Indeed not. In fact, the next exciting chapter in the extraordinary life of Britain's most widely performed playwright - William Shakespeare apart - is about to begin, as he forges a special union between North and South. His new parables are to be premièred at the Yvonne Arnaud Theatre, in Guildford, Surrey, after their usual dry runs at the SJT. There will also be major revivals from the sparkling Ayckbourn back-catalogue as a prelude to nationwide tours, which he will manage and direct.

No, he isn't about to desert his cosy theatrical sanctuary overlooking the North Sea. The venture, he explains, is more in the way of a natural progression in the long association between his base in Yorkshire and the prestigious Surrey venue. Lengthy negotiations were finalised between him and the Yvonne Arnaud's inspirational director, James Barber, before the curtain went up on a short run of Sugar Daddies, playing to packed houses, this year.

Ayckbourn also expects his successful 1982 holiday saga Season's Greetings to be revived and launched on a commercial tour from the YA. Aside from retaining creative control of his productions, he sees financial benefits for everyone involved. "The Yvonne Arnaud is one of the best-run regional theatres in the country," Sir Alan says. "I like the people there and how they treat us. I spoke to Jamie Barber, and we agreed that we should formalise our relationships.
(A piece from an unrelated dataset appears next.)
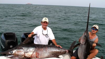 Once we had safely stowed this first fish we re-positioned the boat and made one last drop, around 1:45 pm. At around 3:20 pm the rod bent over and we had hooked another fish. Alex landed what turned out to be another broadbill swordfish 30 minutes later, though with much less excitement! This fish was smaller, with the short measurement at 57", and weighing in at 95 lbs. This is what daytime swordfishing is all about!

"Regional theatre has been strapped for cash for a long time. I would like to bring back some money. I was looking at some of the tours of my plays, and they were doing very nicely with a couple of stars from Coronation Street and the like. I thought, 'Hold on... why aren't we seeing the profits?' Perhaps it's time to plough that money back into the system."

He describes the Yvonne Arnaud as a "friendly receiving house" where revivals of Bedroom Farce and Damsels in Distress have prospered. The theatre has also hosted the pre-West End runs of Ayckbourn blockbusters such as Woman in Mind. "We have a long history, and this is taking that co-operation one step further," he says.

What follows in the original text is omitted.